Esta tarde no hubo fuerza en los rayos y yo
pensé que esa es la manera en la que el astro nos exhorta por vivir tan (pero
tan) lejos de la paz. Sin embargo, La Familia de Ukeleles convocó a un encuentro
vespertino en el Planetario y la mística que se generó me dio esperanzas. Acústicos
como es su costumbre, pero sin paredes que pudieran contener sus
canciones, los músicos llevaron su sonido al amparo de los árboles del Parque 3
de Febrero.
Acoplando sus canciones al ruido ambiente de palomas
volando, aviones cruzando y gansos de tránsito, la pequeña orquesta contagió su
alegría a la par que volvió a deslumbrar a quienes desde las lonas
extendidas sobre el pasto aplaudían el sonido de la guitarra resofónica de
Diego Pozzi, la encantadora voz de Melisa Muñiz, el amparador contrabajo en los dedos de Damian Manfredi, la creativa percusión de Fideo
Capdeville, la destreza en las cuerdas de Adrián Capresi y la vivacidad sonora
de Matías Martinelli.
Tocaban las canciones de siempre, que
finalmente encontraron hogar en el primer disco de estudio de esta maravillosa
banda. Todo venía bien, sonando lindo, oleadas de energía que iba y venía.

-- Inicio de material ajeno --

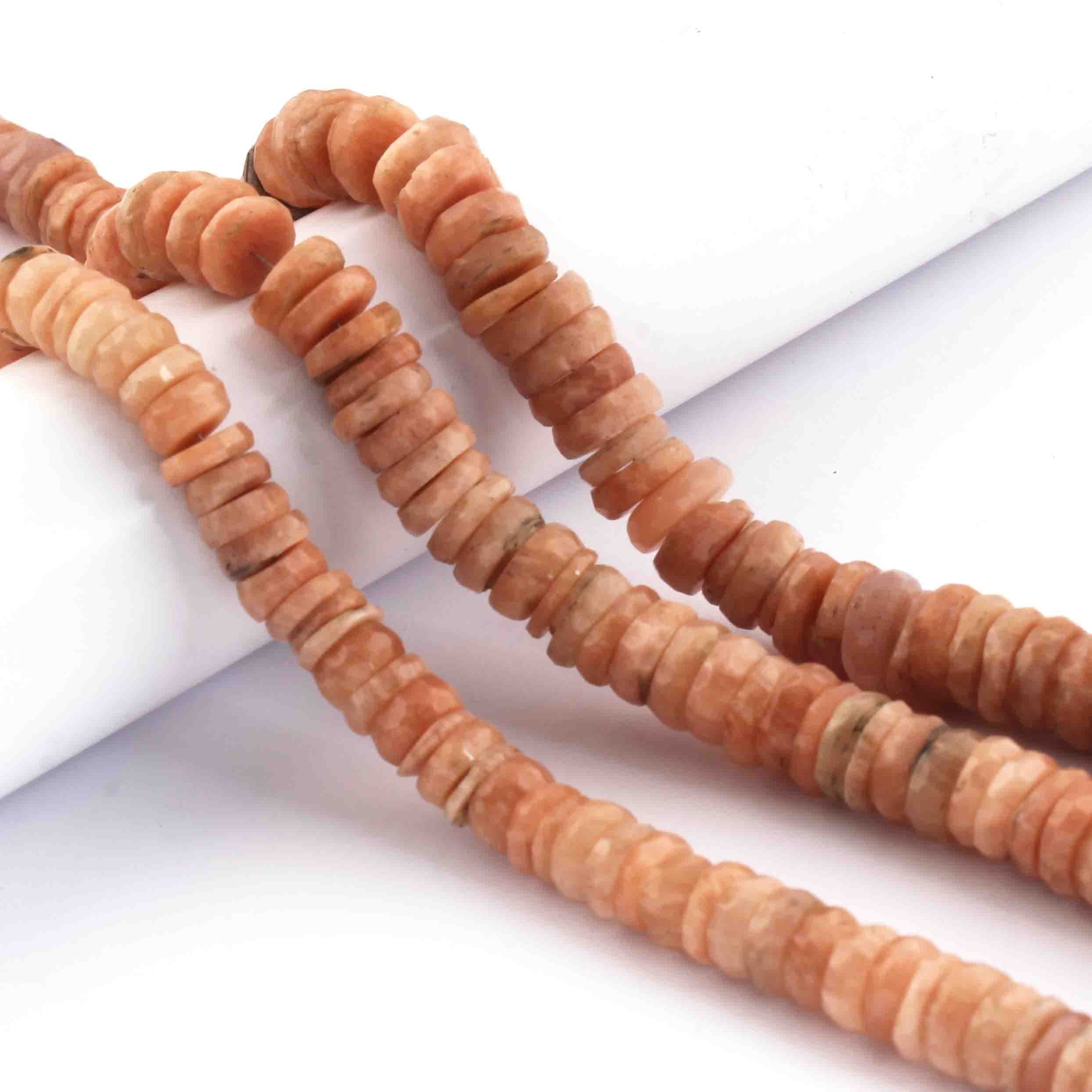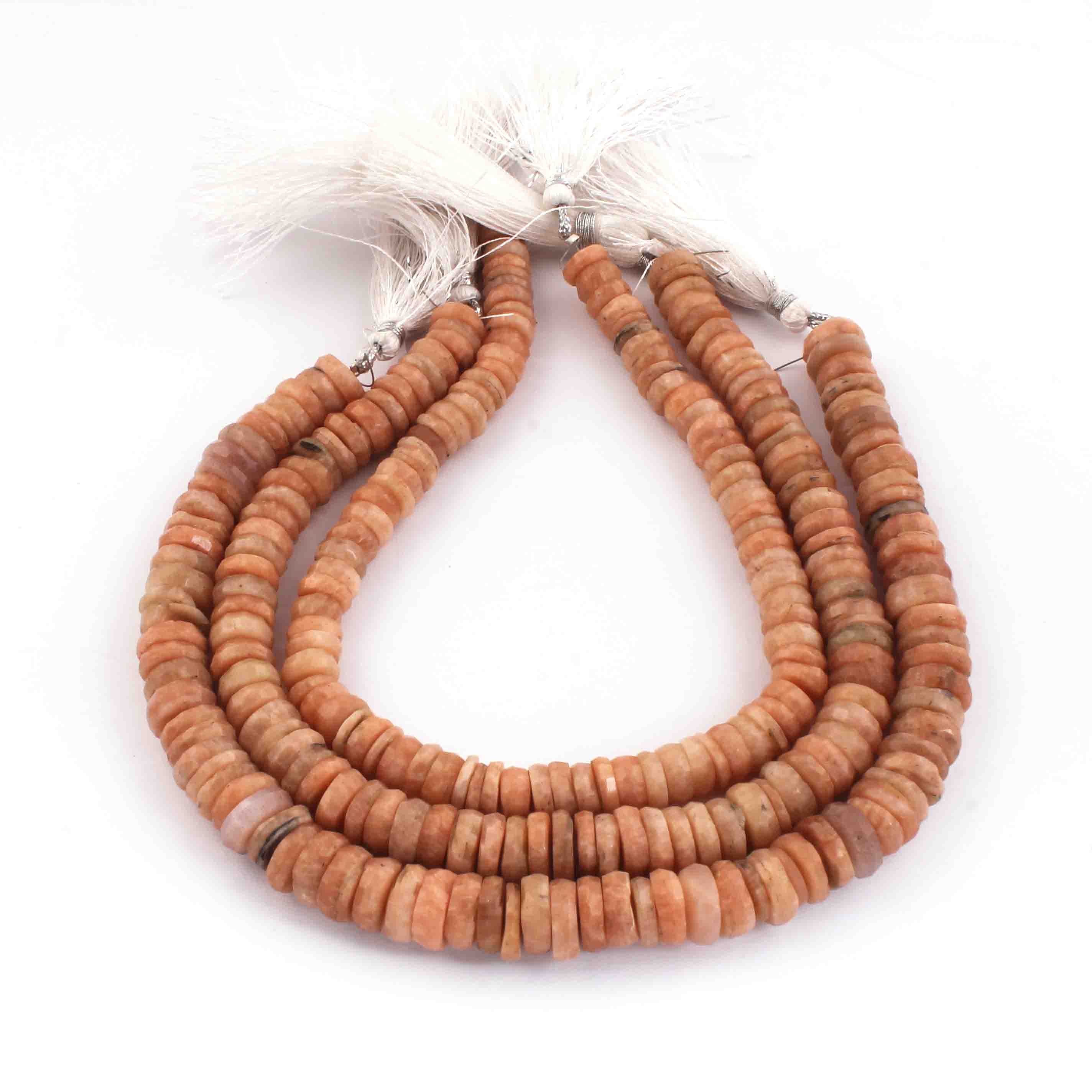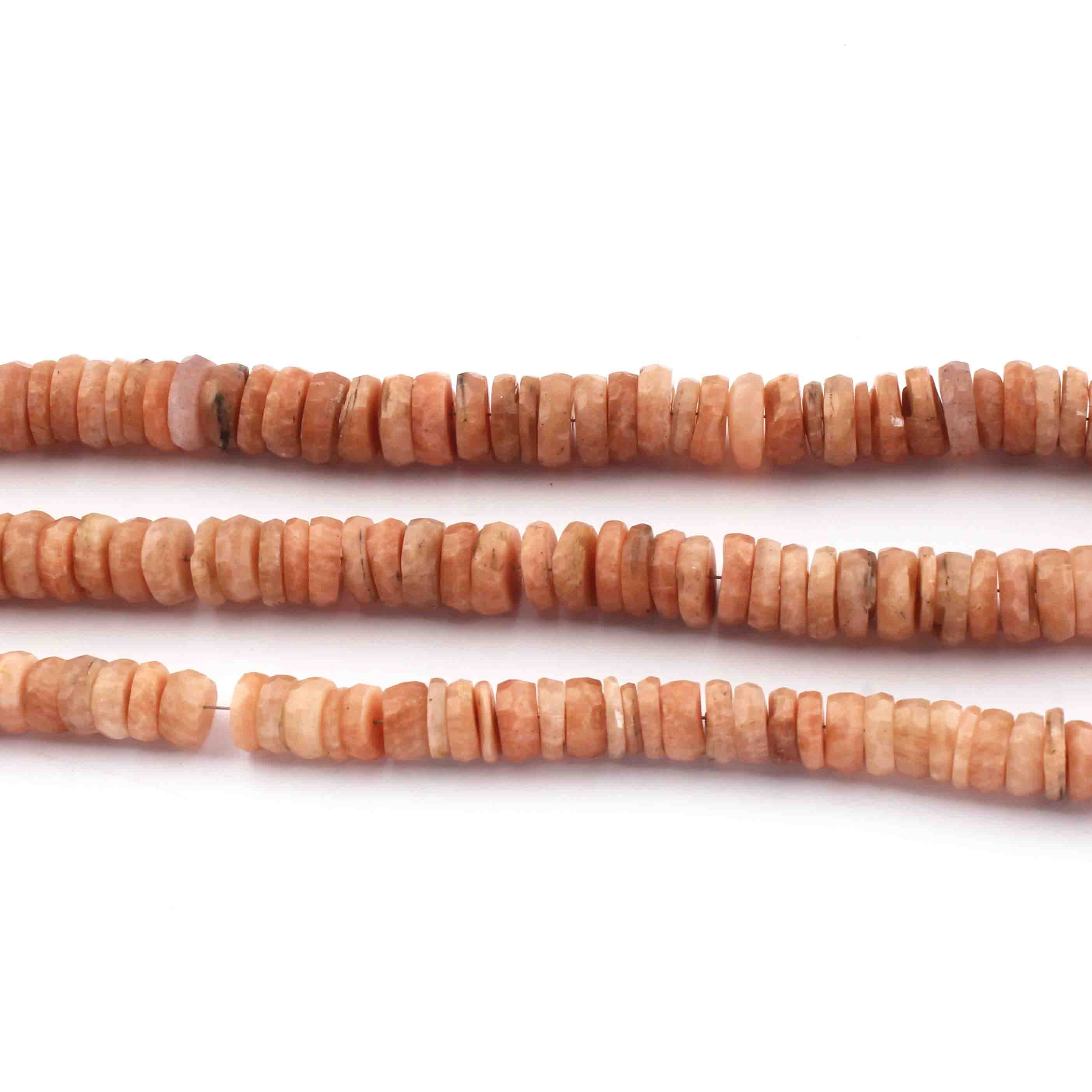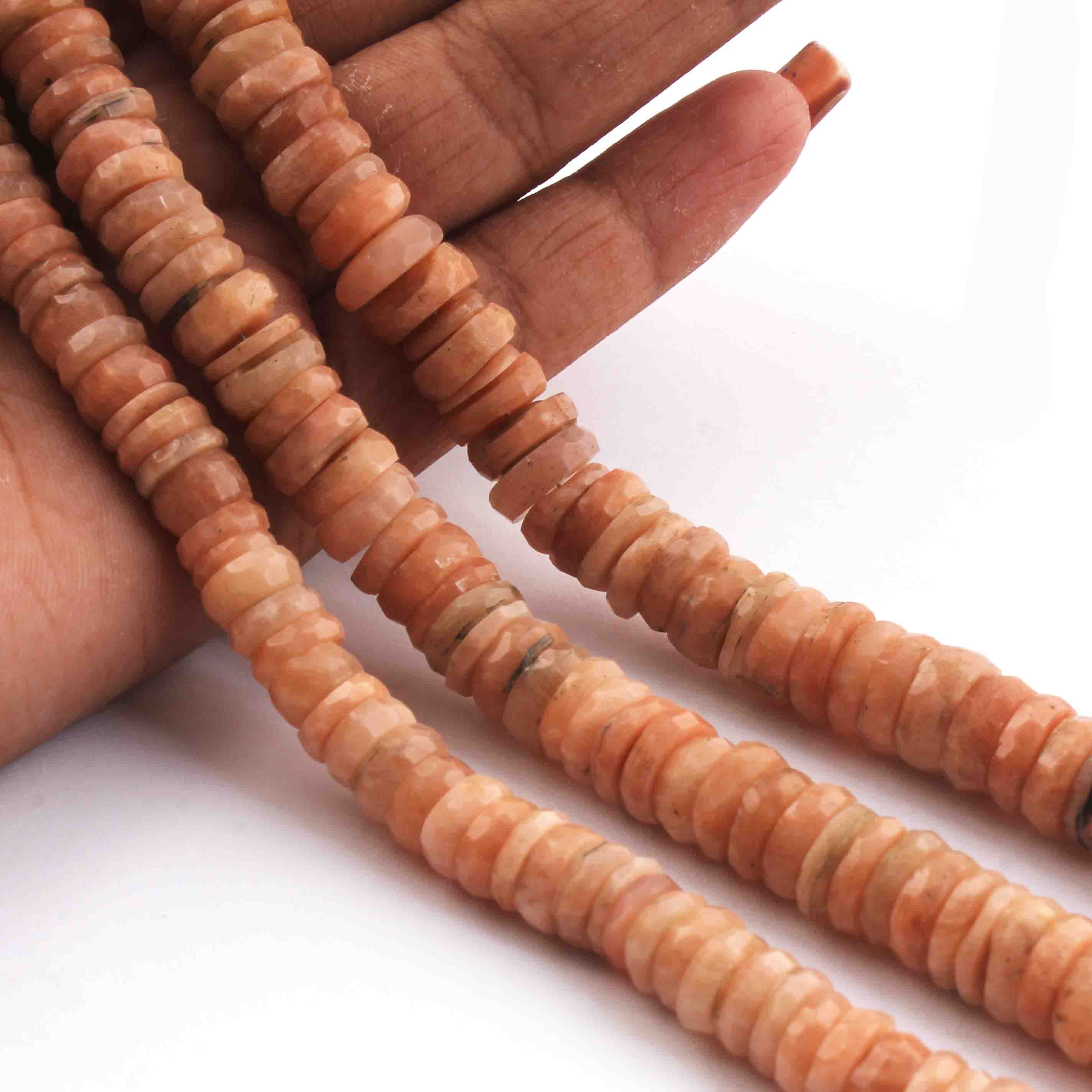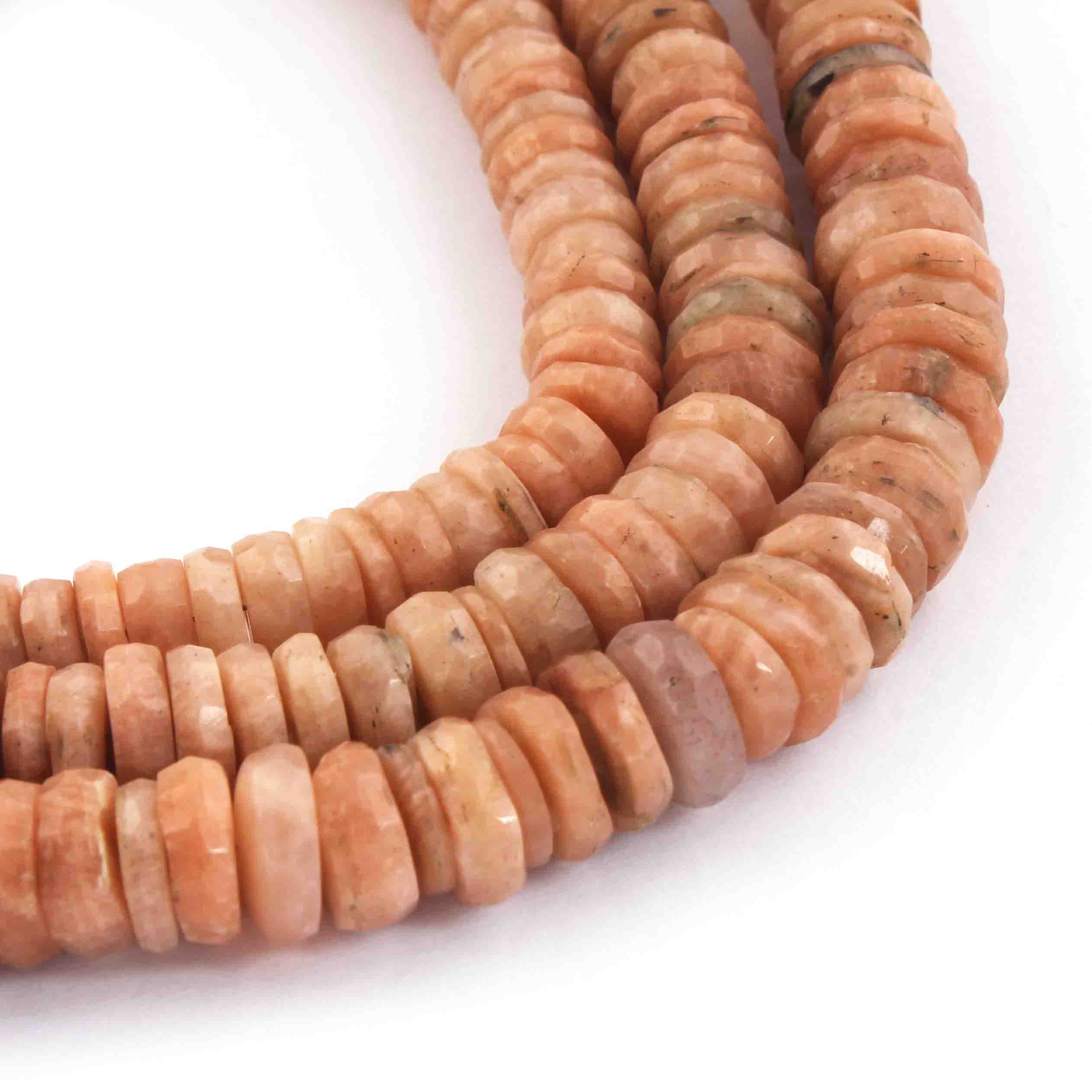 1 Long Strand Peach Moonstone Faceted Rondelles - Wheel Shape Rondelles - 10mm-8mm - 10 Inches BR2964

Pero algo inesperado me quitó el aliento: de repente, del público emergieron muchísimos
ukes que se unieron armoniosos. Una sensación de alegría abrumadora abrazó el
encuentro. Compartir, invitar, unir, trascender.
Seguramente de esto se trataba ese flashmob que desde las redes agitaron. Y
de todas las cosas maravillosas que los vi hacer en este tiempo, ésta está
entre las más lindas y vívidas. Que la creatividad les valga, y las ganas de
compartir e incluir. Ese mágico momento donde borran las diferencias público-artista
para compartir lo que son. Me llevo eso, que me devolvió lo que pensé perdido.